*** Dataset

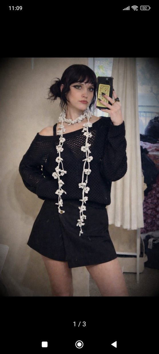 skinny çiçek desenli atkı günlük kullanıma uygun gotik tarzda.
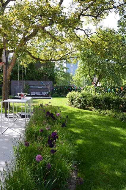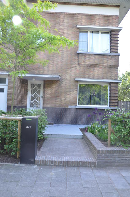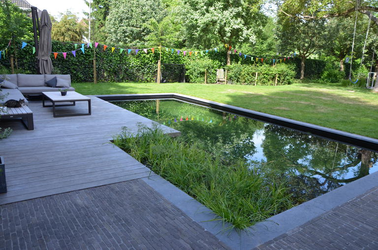 Totaalrenovatie van stadstuin bij interbellum woning te Gent . Passend bij de woning werd gekozen voor gepolierde beton afgewisseld met gebakken kleiklinkers. De zwemvijver op einde van de tuin is omgeven door een groot zonneterras . Tuin werd kindvriendelijke ingericht met behoud van de meeste waardevolle (klim)bomen . Sfeervolle beplanting is er voor elk seizoen.
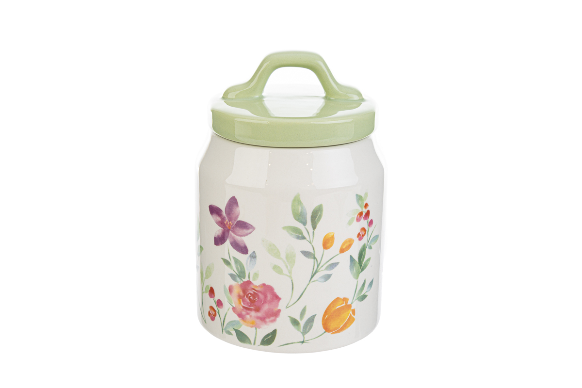 barattolo porcellana dec. fiori d.10xh.14 cm. |
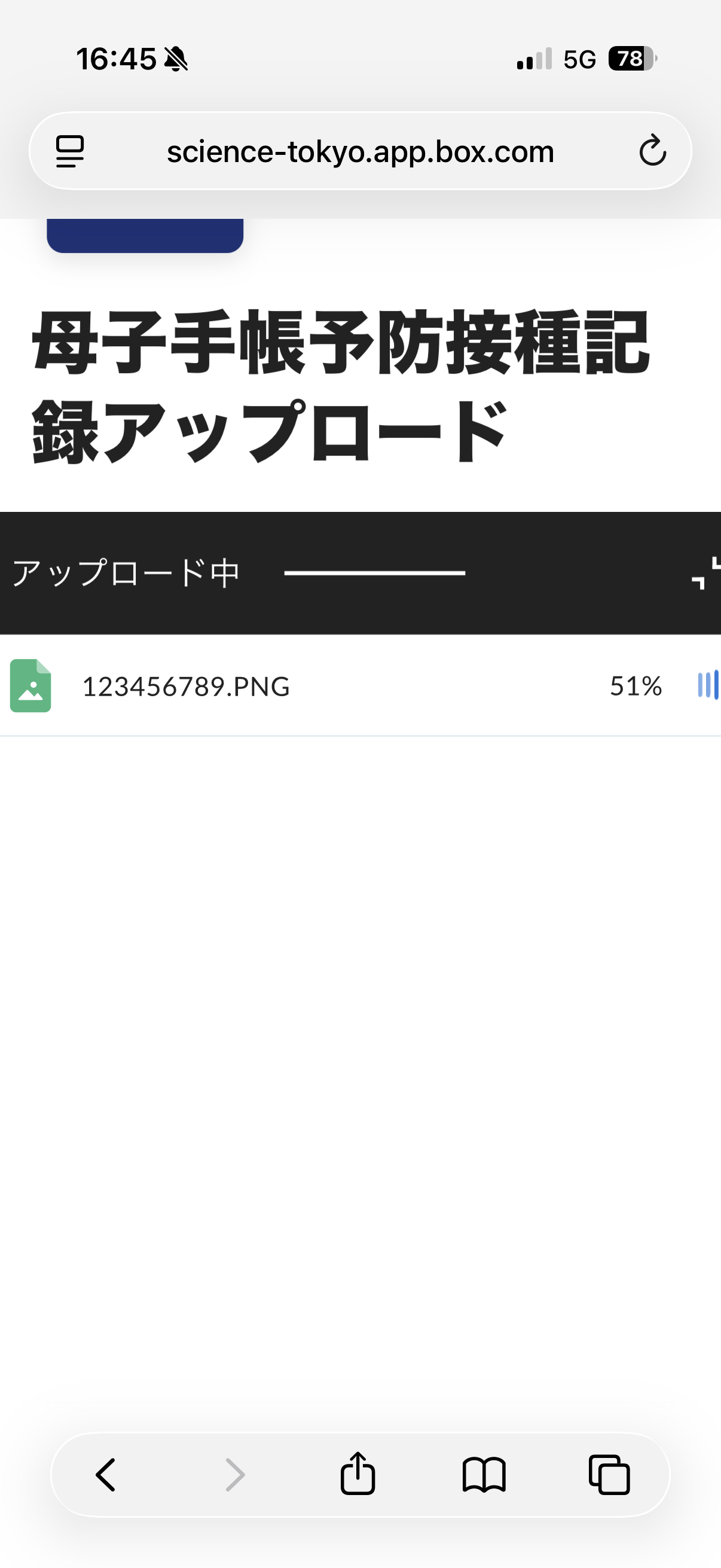 ・ファイルの大きさ、通信環境、BOXの不具合等によってアップロードに時間がかかる場合がございます。アップロード時の画面を以下に貼りますので、ご注意ください。
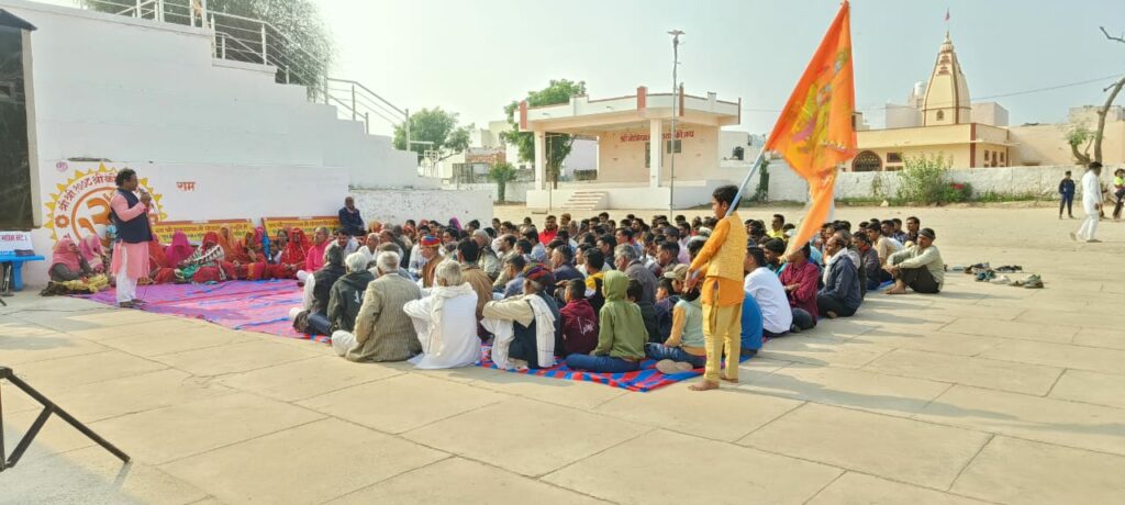 पंचायत समिति मूंडवा के गांव रूण में शनिवार को सुबह 11 बजे रतना सागर तालाब से धर्म प्रेमियों की उपस्थिति में गाजे-बाजे के साथ यह कलश यात्रा भोमियासा मंदिर में पहुंची जहां पर धर्म प्रेमियों की उपस्थिति में 22 जनवरी को अयोध्या में राम मंदिर शुभारंभ के मौके पर आने के लिए पीले चावल बांटे गए।
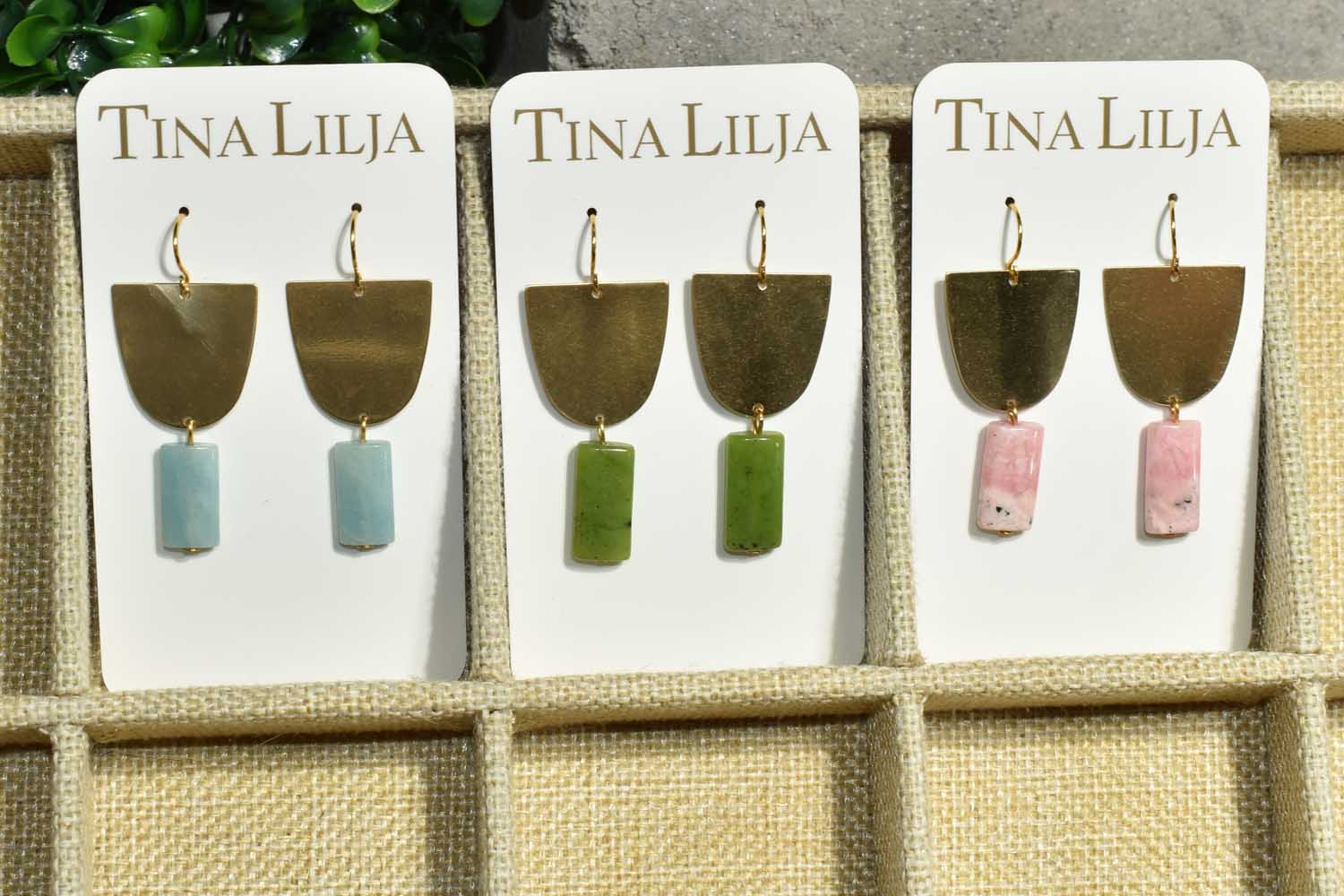 These earrings are made of brass and Semi-Precious Amazonite, Jade, or Rhodochrosite. The ear wires are hypo-allergenic.
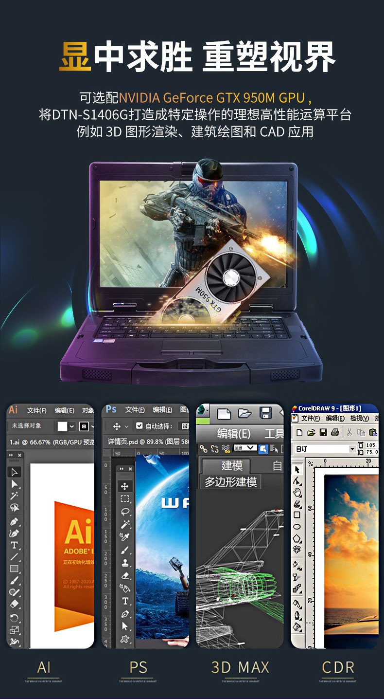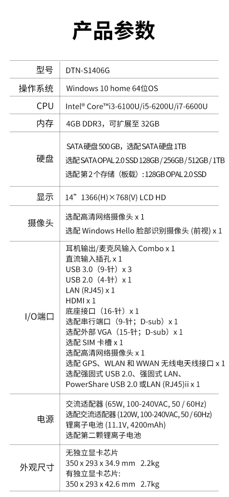 • 三防戶外便攜加固筆記本 14英寸IP65便攜筆記本電腦 DTN-S1406G
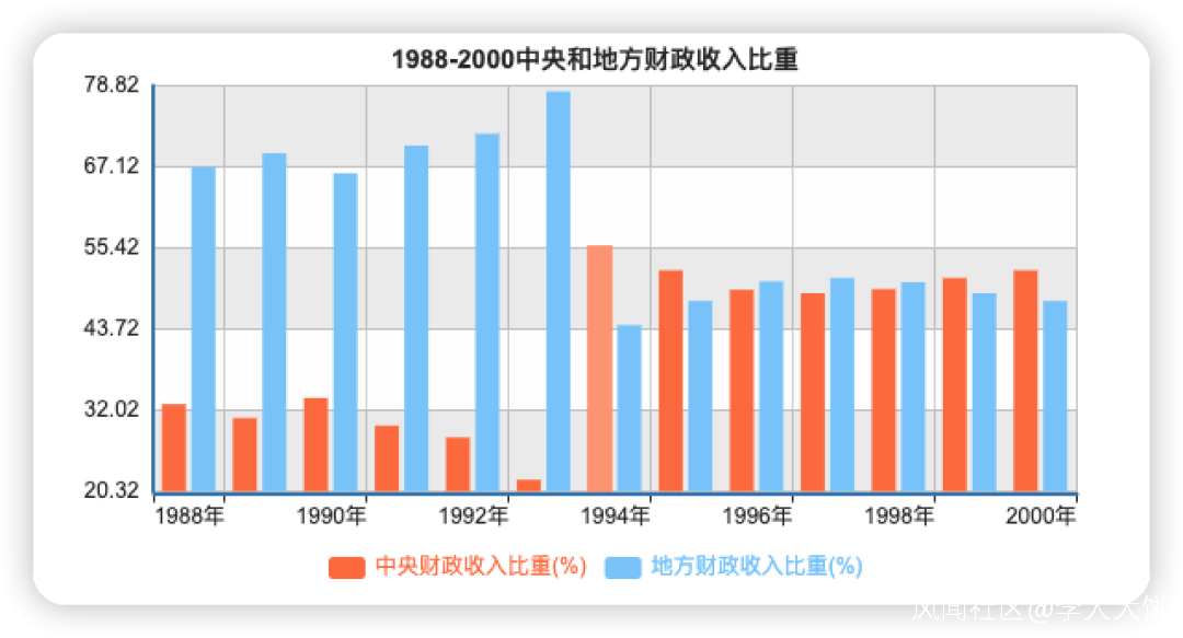 改革開放以後,為了刺激市場的活躍性,中央在 1980 年起開始向地方放權,這個放權在 1988 年的 “ 財政包乾制 ” 中迎來了最大化。
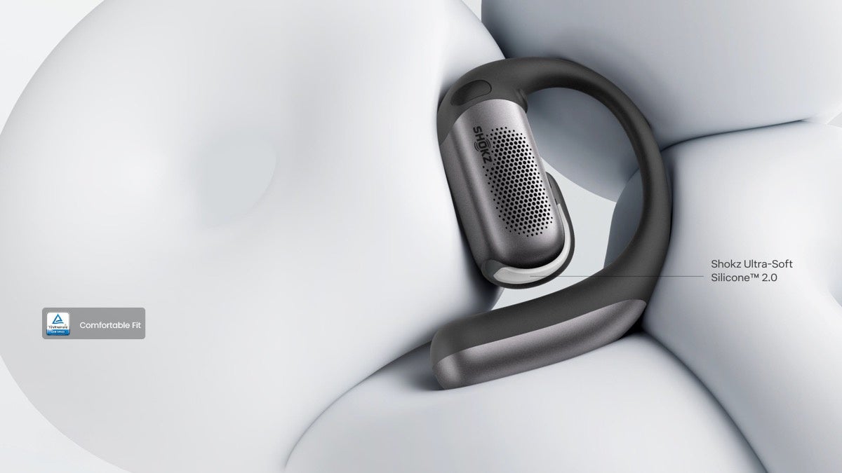 Shokz Ultra-Soft Silicone™ 2.0により、肌にやさしい柔らかな着け心地を実現。オープンイヤーデザインで耳を圧迫しないため、朝から夜までずっと快適に過ごせます。

******

**Your task:** Nothing but the lines from the one containing "These earrings are" to the last line of the records should be returned, exactly as they appear and without pictures.

**Reply to the exercise:**
 These earrings are made of brass and Semi-Precious Amazonite, Jade, or Rhodochrosite. The ear wires are hypo-allergenic.
 • 三防戶外便攜加固筆記本 14英寸IP65便攜筆記本電腦 DTN-S1406G
 改革開放以後,為了刺激市場的活躍性,中央在 1980 年起開始向地方放權,這個放權在 1988 年的 “ 財政包乾制 ” 中迎來了最大化。
 Shokz Ultra-Soft Silicone™ 2.0により、肌にやさしい柔らかな着け心地を実現。オープンイヤーデザインで耳を圧迫しないため、朝から夜までずっと快適に過ごせます。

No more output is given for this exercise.